Top of Supplied entries

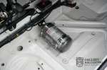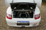 Na het seizoen is de carrosserie ontdaan van de wrap en staat ze nu prachtig te stralen in haar heerlijke “Carrera Weiss” maatpak. Het plaatje aan de buitenkant wordt gecompleteerd door de grote splitter, de enorme achterspoiler mét Gurney Flap en de iconische driedelige centerlock BBS-wielen die worden gevuld door enorme remmen en zijn voorzien van Michelin regenbanden. De remmen zijn aan de voorzijde voorzien van 6-zuigers en achter van 4-zuigers en hebben enorme remkracht. Het is simpelweg fantastisch om te zien. Porsche is bij de ontwikkeling van de 997 GT3 Cup natuurlijk niet over één nacht ijs gegaan. Porsche heeft er daarom voor gekozen om een aantal zaken anders te doen ten opzichte van de reguliere straatauto. Zo zijn alle ruiten omwille van de veiligheid en gewicht vervangen door exemplaren van polycarbonaat. De auto is voorzien van een ingebouwd kriksysteem dat werkt op lucht. Alle rubbers in de ophanging zijn vervangen door stalen uniballs. Daarnaast is de auto voorzien van een 90 liter tank Zo zijn de zaken die Porsche heeft veranderd ten opzichte van de straatauto eigenlijk eindeloos. Wat we met zekerheid kunnen stellen: Porsche heeft, zoals altijd, weer vakwerk geleverd.
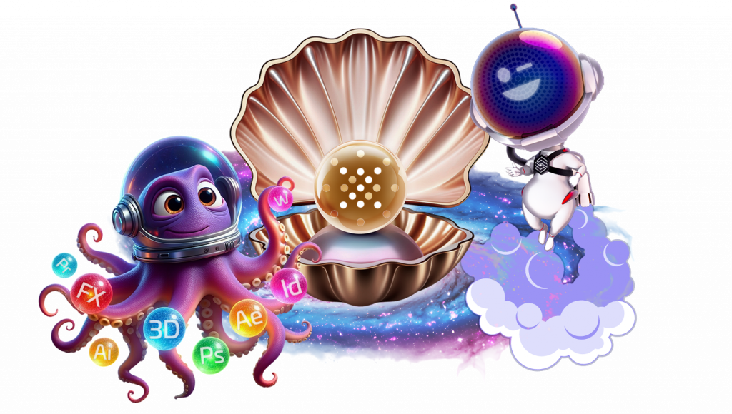 Dans son voyage intergalactique, Cosmo fait la rencontre de 4 créatures cosmiques et leur leader ZION, le poulpe en chef d’orchestre
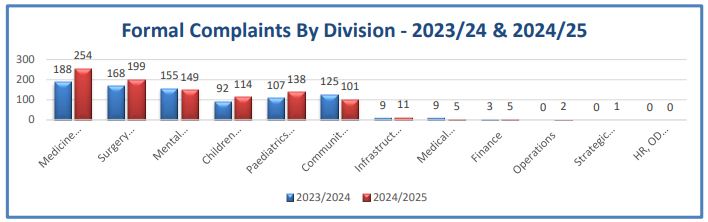 The services provided by the NHSCT are organised into 12 Divisions. The graph below shows the distribution of complaints across these Divisions over the past year 2 years.
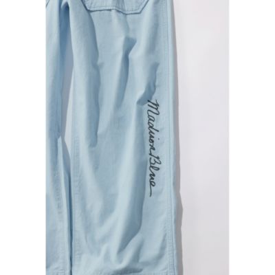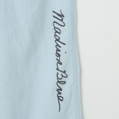- MADISONBLUEのアーカイブモデルであるジャンプスーツをベースに、25SS新しく登場した薄手のシャンブレーデニム素材を落とし込んでもらった別注。シャツ素材なので、1枚着はもちろん、袖を腰に巻いたスタイルも決まります。ひだりあしの部分には、落書き風の『MADISONBLUE』プリントを配した、ハピプラだけのスペシャルモデル。デザイナー中山氏の遊び心が光るデザインに仕上げていただいています!(バイヤーnana)
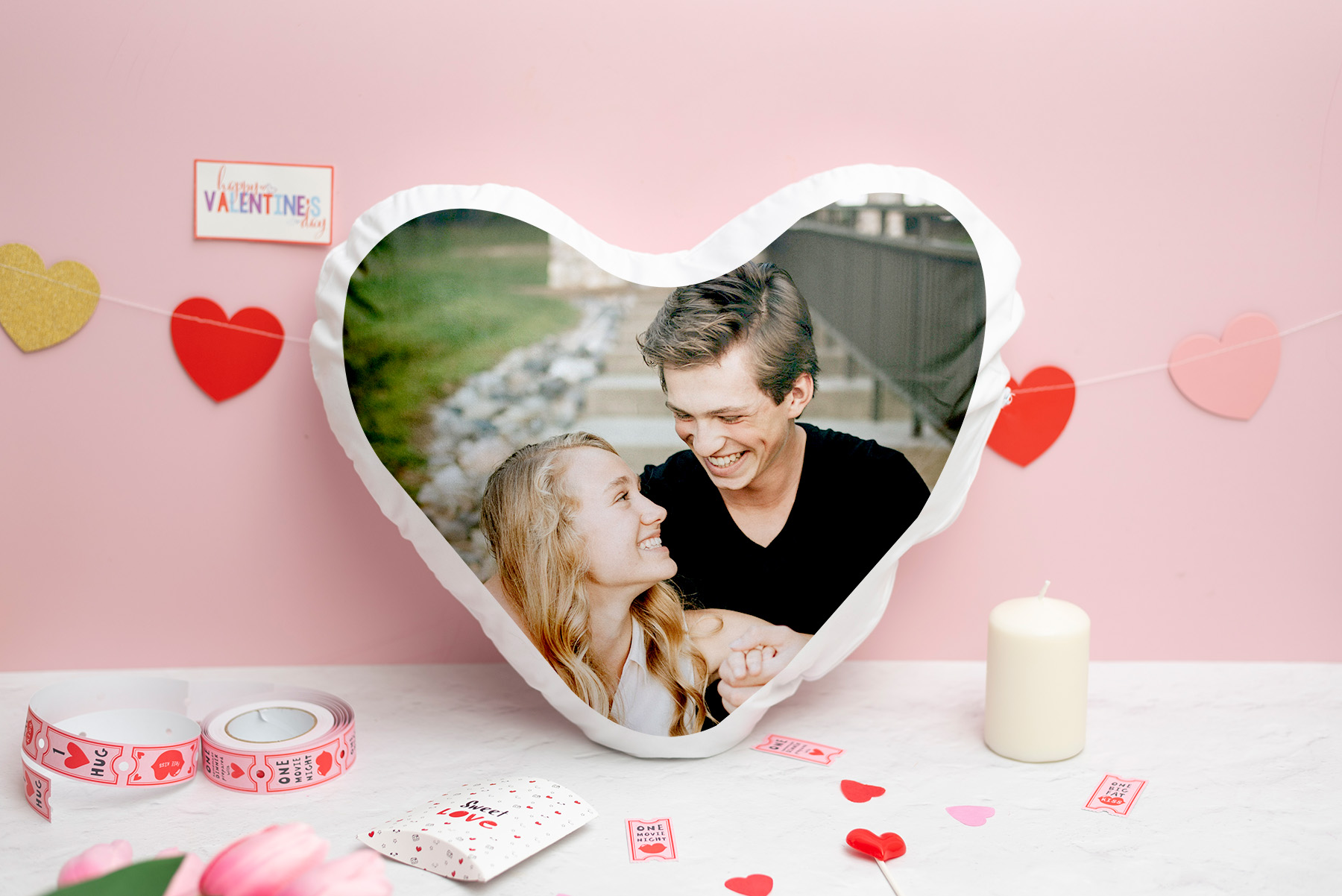 Nuestro Cojín Personalizado en forma de Corazón es el regalo perfecto para expresar tus sentimientos en San Valentín, aniversarios o cumpleaños. Crea tu cojín con nuestro editor online e imprime tus fotos, nombres y frases románticas.
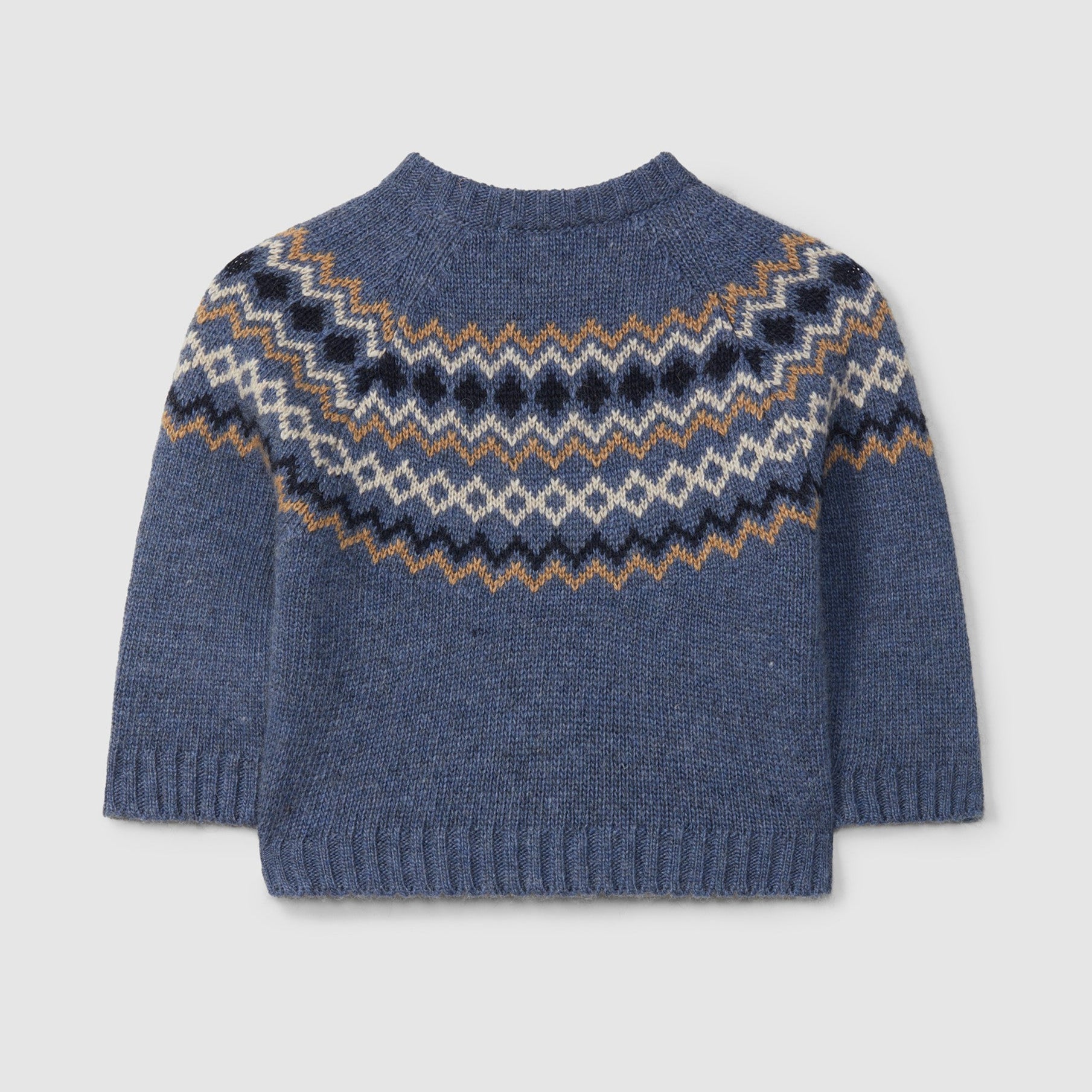 Knitted jumper with jacquard with a touch of cashmere. Fastens with wooden Laranjinha buttons at the front until 24 months.
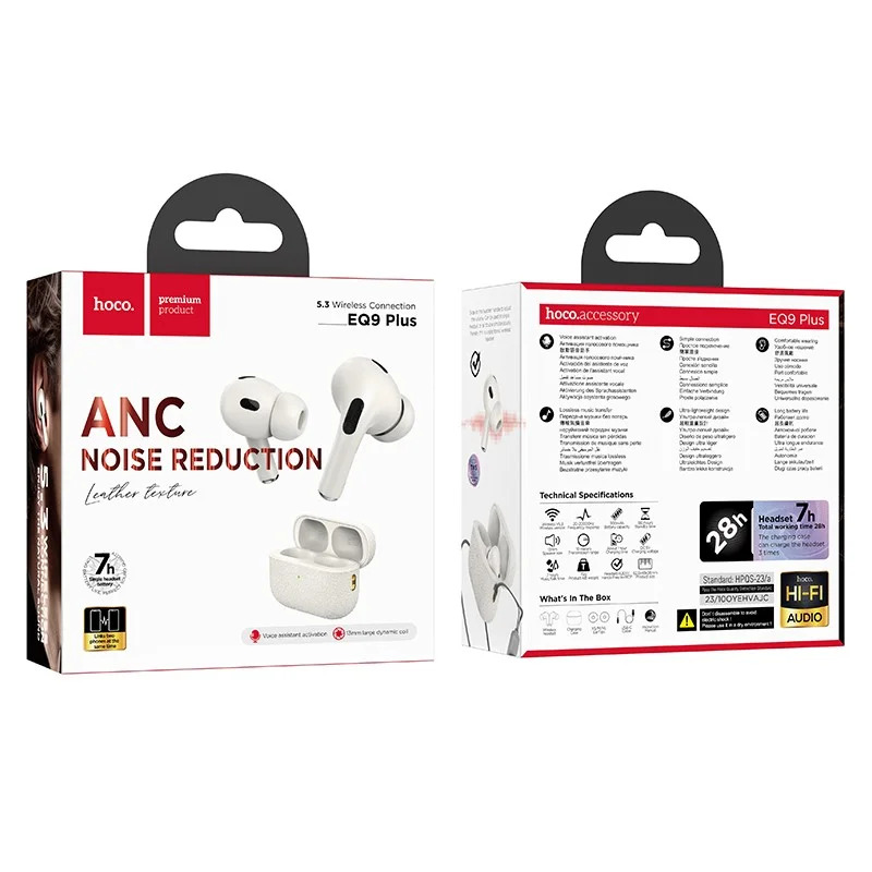 Wireless Hands Free Hoco EQ9 Plus Duke TWS V5.3 300mAh με 7 Ώρες Λειτουργίας και Active Noise Cancellation Συμβατό με Siri Λευκό
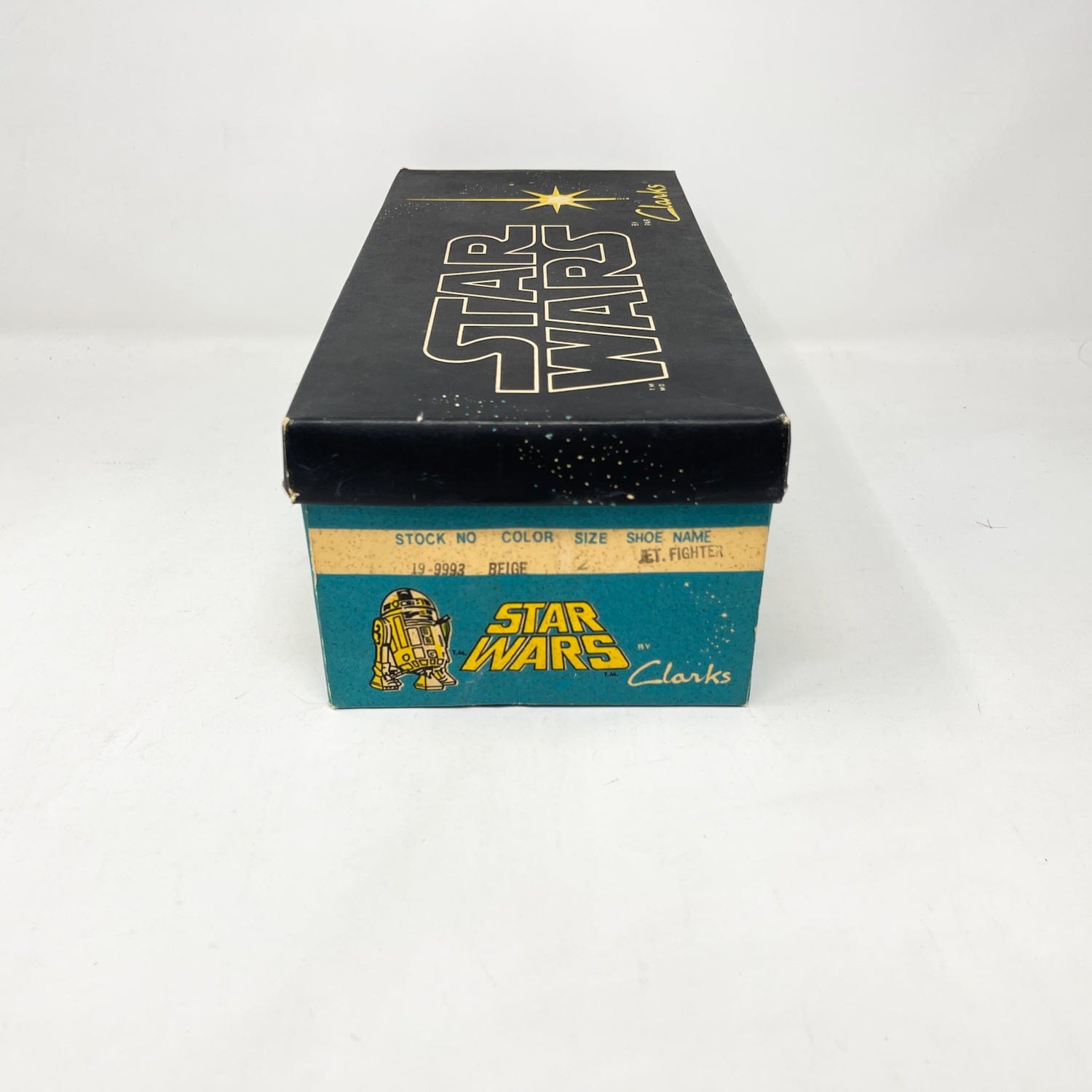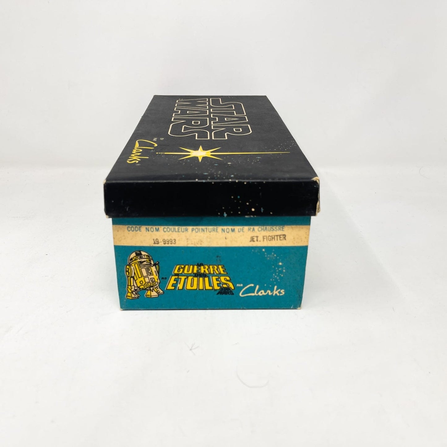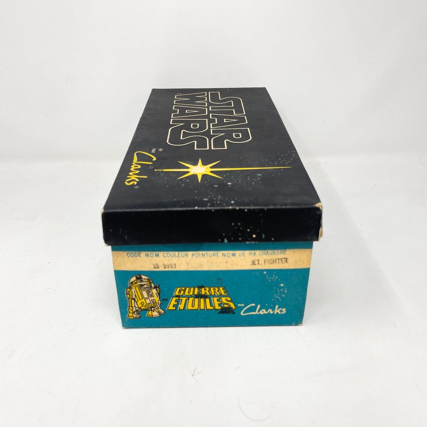 An exceptional vintage collectible from Clarks’ Star Wars collaboration — the Jet Fighter Running Shoes, featuring bold X-Wing artwork and Star Wars branding. Each pair includes the original Canadian bilingual box, factory tag, and Clarks shoe bag.
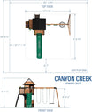Embark on backyard adventures with the Canyon Creek Swing Set by Backyard Discovery. This charming wooden swing set boasts a variety of features that inspire active outdoor play. The towering rock wall invites daring climbing challenges, while the 8-foot speedy wave slide offers thrilling rides back to the ground. Kids can soar on the exciting web swing or enjoy traditional swinging fun on two comfortable belt swings. Access to the upper clubhouse is a breeze thanks to the flat-step ladder, providing easy entry for children of various ages. Imaginations will take flight in the different play spaces. The charming lower playhouse transforms into a fun bustling café with its a toy BBQ grill, sink, and play food for creative cooking adventures. Little chefs can serve up their culinary creations in the picnic area complete with a built-in table and seating. Meanwhile, the upper clubhouse becomes a command center with its toy telescope, chalkboard, and steering wheel, perfect for make-believe expeditions. Crafted from durable cedar wood, this backyard swing set is ready to assemble and offers guided instructions with the interactive BILT app. Explore the Canyon Creek and create a backyard playground that brings new possibilities for playful discovery every day.
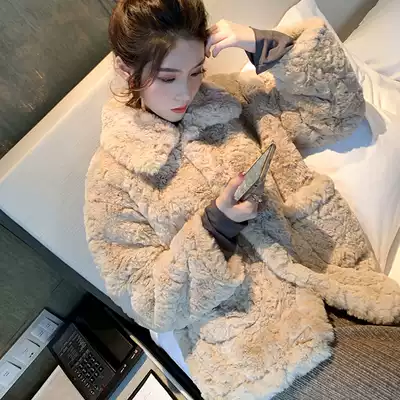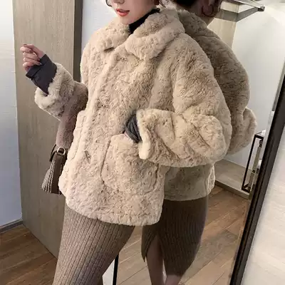 2021 Winter young imitation Rex Rabbit Fur Coat women's short horn buckle hairy coat College trend
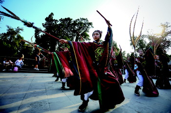 祭孔乐舞包括“宫悬之乐”、“八佾之舞”、“轩悬之乐”、“六佾之舞”及“登歌”等,所用乐器包括金、石、丝、竹、革、木、匏、土等八类,体现了孔子礼乐思想中的“和同”。整个祭孔乐舞庄严肃穆,舞姿雍容大方,古朴典雅凸显文化品味。
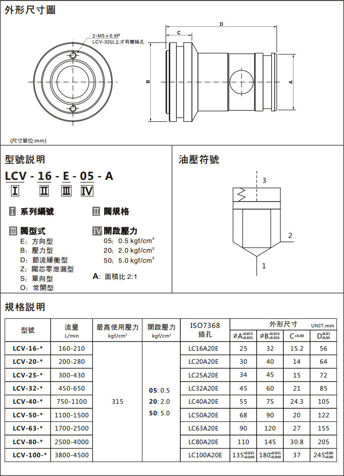 LCV-50-E-50-A,LCV-63-E-50-A,LCV-80-E-50-A,LCV-100-E-50-A,邏輯閥方向型
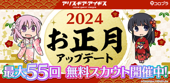 株式会社コロプラ(代表取締役社長:宮本貴志、本社:東京都港区、以下「コロプラ」)は、スマートフォン向けゲーム『アリス・ギア・アイギス(以下、アリスギア)』にて、2024年1月1日(月)0:00より「お正月アップデート」を開催しております。
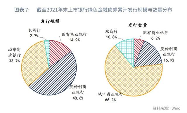 从发行主体类型来看,上市银行发行的绿色金融债券中,股份行发行规模领先,城商行发行数量领先。上市银行中股份制商业银行和城市商业银行在绿色金融债券发行方面占据主导地位,在发行规模方面,截至2021年末,上市股份制商业银行累计发行绿色金融债券规模1950亿元,占上市银行发行总额48.6%,排在首位,其次为城市商业银行,累计发行规模1355亿元,占比33.7%。在发行数量方面,截至2021年末,上市城市商业银行累计发行绿色金融债券数量为43只,占上市银行发行总数量的66.2%,排在首位,其次为股份制商业银行,累计发行11只,占比16.9%。
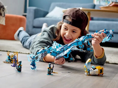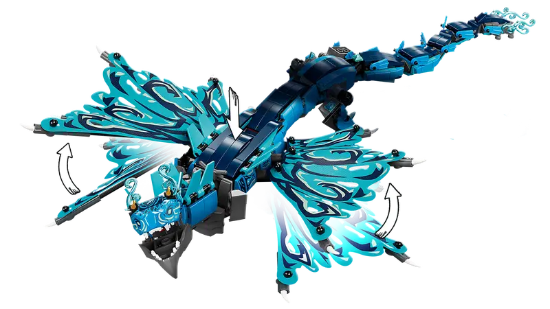 Der äußerst detailreiche Wasserdrache (71754) lässt Kinder fantastische Geschichten aus der "TV-Serie NINJAGO®: Geheimnis der Tiefe" nachstellen. Der Drache kann Kopf, Maul, Beine und Flügel bewegen – und seinen Schwanz wie eine Peitsche schlagen lassen. Kinder sind mit diesem tollen Spielset viele Stunden beschäftigt.

Bottom of Supplied entries

> [Task objective]:
Reproduce the entries exactly, from the line with "Wireless Hands Free" to the line with "An exceptional vintage", both lines included, keeping no pictures.

> [Task solution]:
 Wireless Hands Free Hoco EQ9 Plus Duke TWS V5.3 300mAh με 7 Ώρες Λειτουργίας και Active Noise Cancellation Συμβατό με Siri Λευκό
 An exceptional vintage collectible from Clarks’ Star Wars collaboration — the Jet Fighter Running Shoes, featuring bold X-Wing artwork and Star Wars branding. Each pair includes the original Canadian bilingual box, factory tag, and Clarks shoe bag.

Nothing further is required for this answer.